§ TASK TO COMPLETE
Please reproduce the lines of the records below from the one holding "Charming and beautifully" through the one holding "lần đổ bụi.", inclusive, skipping all pictures.

§ SOURCE RECORDS
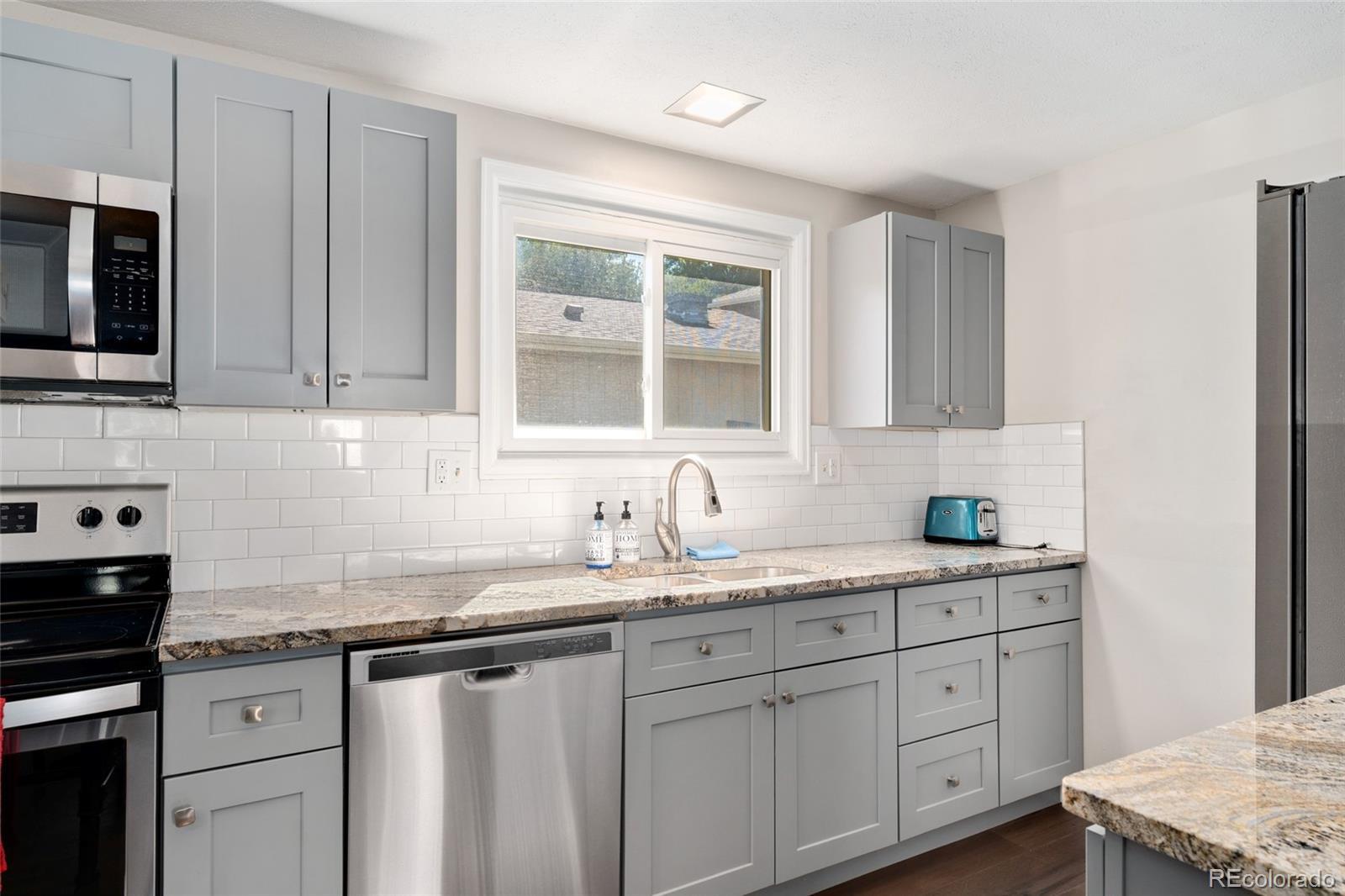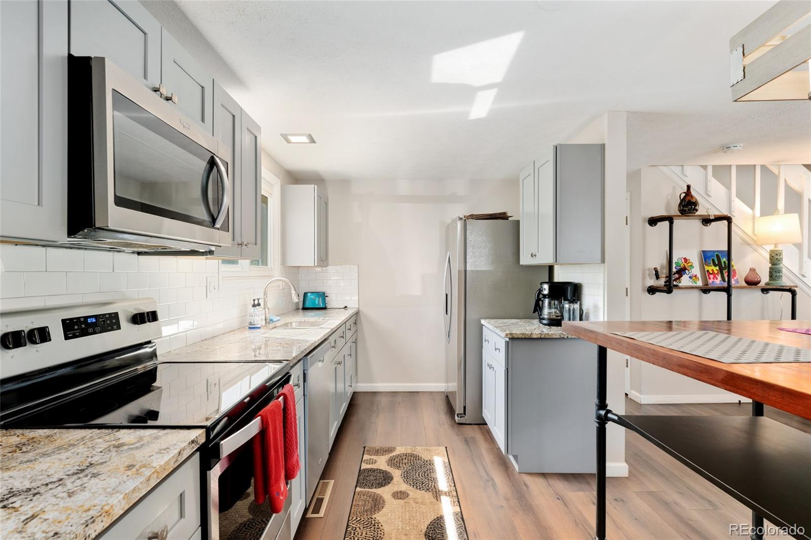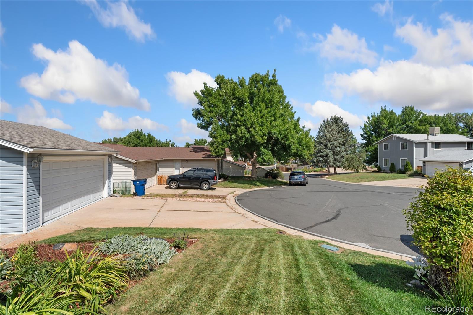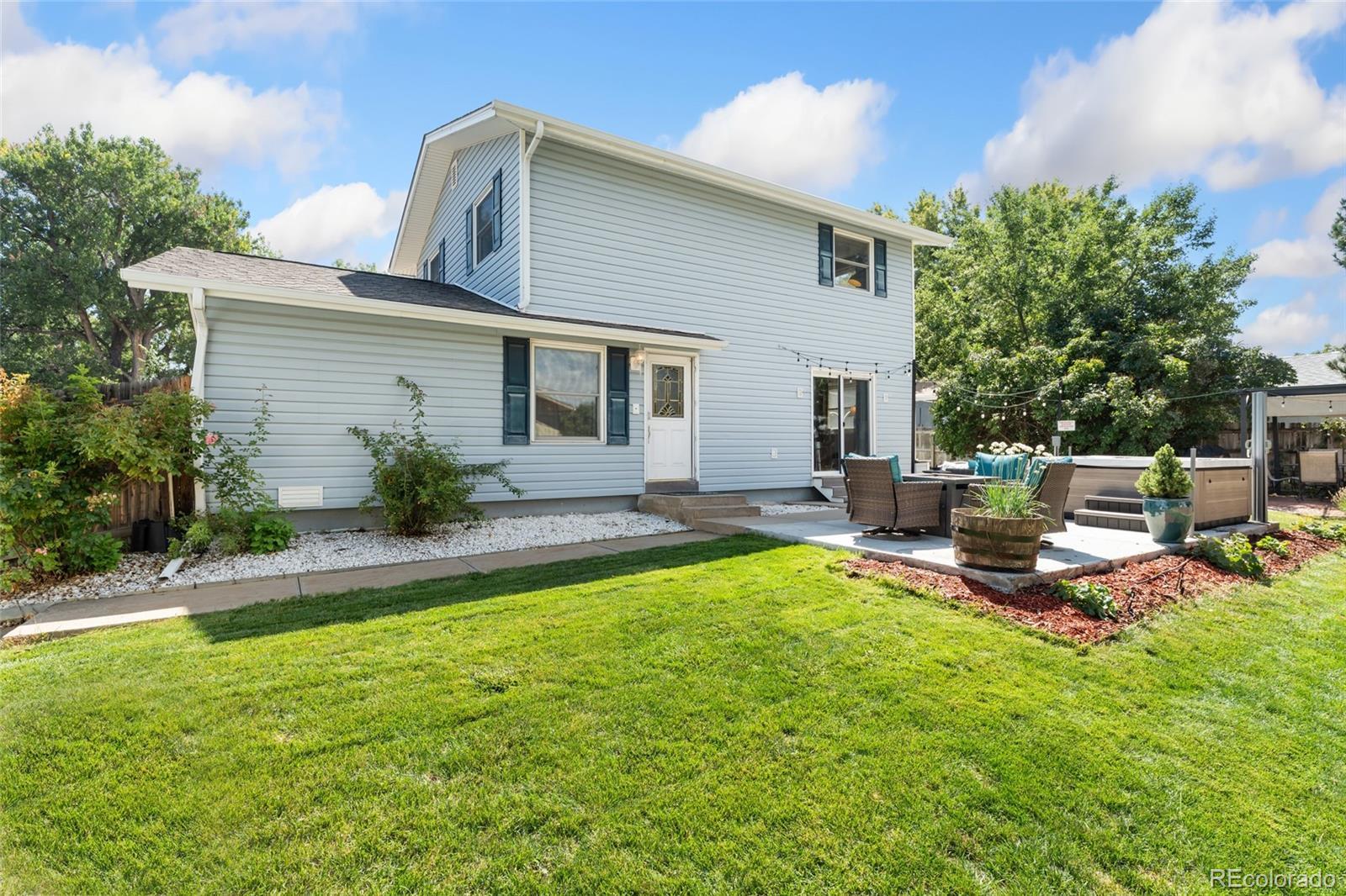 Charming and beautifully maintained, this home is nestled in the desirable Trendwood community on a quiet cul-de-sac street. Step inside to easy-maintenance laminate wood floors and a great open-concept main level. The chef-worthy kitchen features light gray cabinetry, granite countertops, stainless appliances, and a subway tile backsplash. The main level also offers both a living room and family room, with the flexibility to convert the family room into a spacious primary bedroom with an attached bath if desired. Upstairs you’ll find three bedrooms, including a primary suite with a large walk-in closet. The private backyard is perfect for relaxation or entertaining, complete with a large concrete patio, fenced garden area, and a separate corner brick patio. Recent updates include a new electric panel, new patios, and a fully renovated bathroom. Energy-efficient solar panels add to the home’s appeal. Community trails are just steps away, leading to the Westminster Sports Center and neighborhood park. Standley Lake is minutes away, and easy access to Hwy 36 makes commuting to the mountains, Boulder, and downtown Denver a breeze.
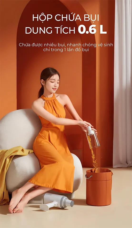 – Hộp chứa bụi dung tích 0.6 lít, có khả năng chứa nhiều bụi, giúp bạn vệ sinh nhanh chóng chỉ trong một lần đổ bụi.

--

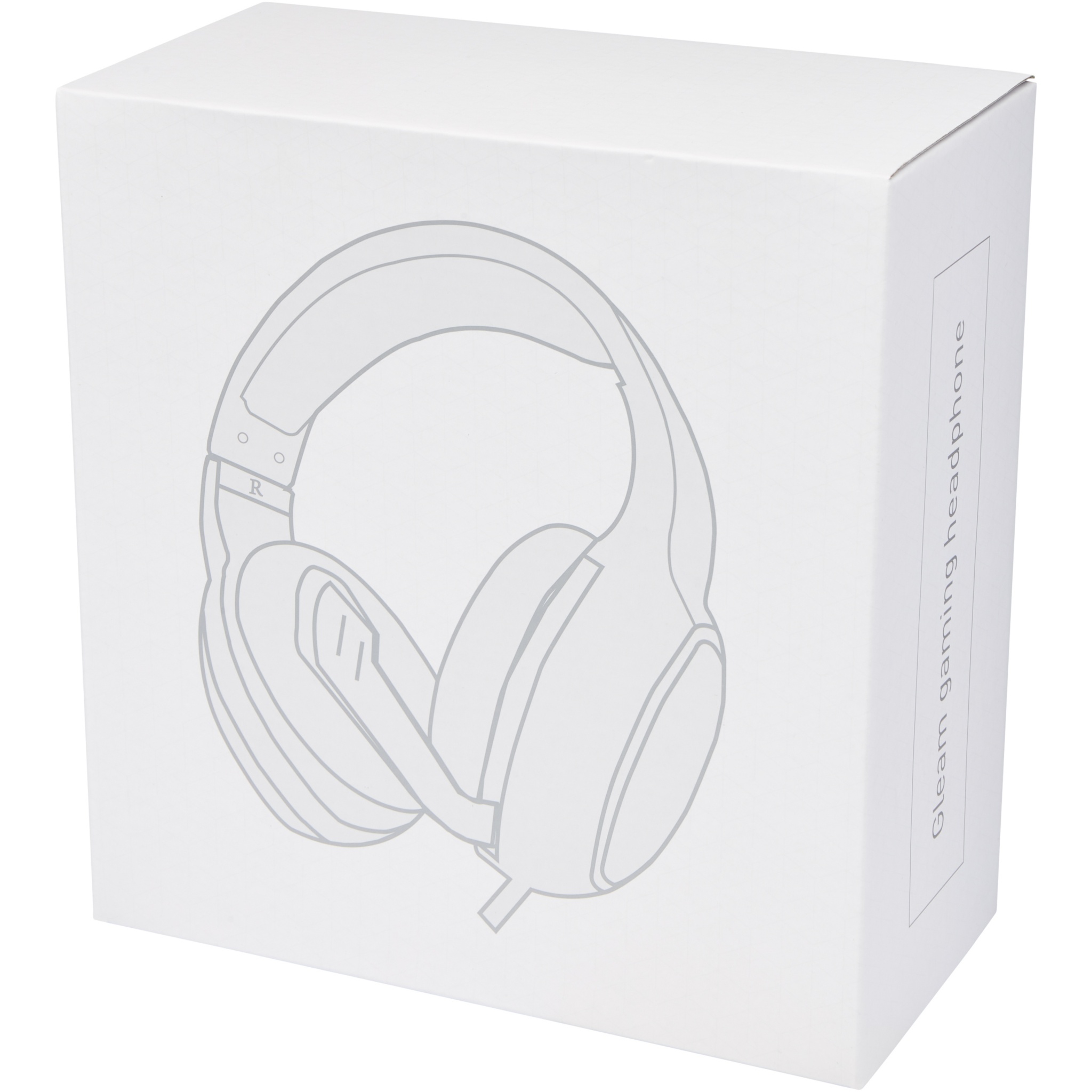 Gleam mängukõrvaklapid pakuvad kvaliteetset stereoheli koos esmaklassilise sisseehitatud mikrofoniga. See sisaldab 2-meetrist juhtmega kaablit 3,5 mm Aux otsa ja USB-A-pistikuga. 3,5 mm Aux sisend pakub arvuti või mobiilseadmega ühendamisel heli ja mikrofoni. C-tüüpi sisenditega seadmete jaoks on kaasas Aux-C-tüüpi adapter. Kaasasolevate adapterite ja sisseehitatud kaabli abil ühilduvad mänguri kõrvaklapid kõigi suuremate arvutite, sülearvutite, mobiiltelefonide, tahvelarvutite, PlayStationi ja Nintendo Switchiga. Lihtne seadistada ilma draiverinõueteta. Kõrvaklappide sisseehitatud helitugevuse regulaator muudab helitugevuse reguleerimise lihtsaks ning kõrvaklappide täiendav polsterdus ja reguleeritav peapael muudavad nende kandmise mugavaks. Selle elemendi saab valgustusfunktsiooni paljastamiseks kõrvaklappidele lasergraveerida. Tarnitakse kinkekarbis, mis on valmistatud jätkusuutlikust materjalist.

§ WRITTEN ANSWER
 Charming and beautifully maintained, this home is nestled in the desirable Trendwood community on a quiet cul-de-sac street. Step inside to easy-maintenance laminate wood floors and a great open-concept main level. The chef-worthy kitchen features light gray cabinetry, granite countertops, stainless appliances, and a subway tile backsplash. The main level also offers both a living room and family room, with the flexibility to convert the family room into a spacious primary bedroom with an attached bath if desired. Upstairs you’ll find three bedrooms, including a primary suite with a large walk-in closet. The private backyard is perfect for relaxation or entertaining, complete with a large concrete patio, fenced garden area, and a separate corner brick patio. Recent updates include a new electric panel, new patios, and a fully renovated bathroom. Energy-efficient solar panels add to the home’s appeal. Community trails are just steps away, leading to the Westminster Sports Center and neighborhood park. Standley Lake is minutes away, and easy access to Hwy 36 makes commuting to the mountains, Boulder, and downtown Denver a breeze.
 – Hộp chứa bụi dung tích 0.6 lít, có khả năng chứa nhiều bụi, giúp bạn vệ sinh nhanh chóng chỉ trong một lần đổ bụi.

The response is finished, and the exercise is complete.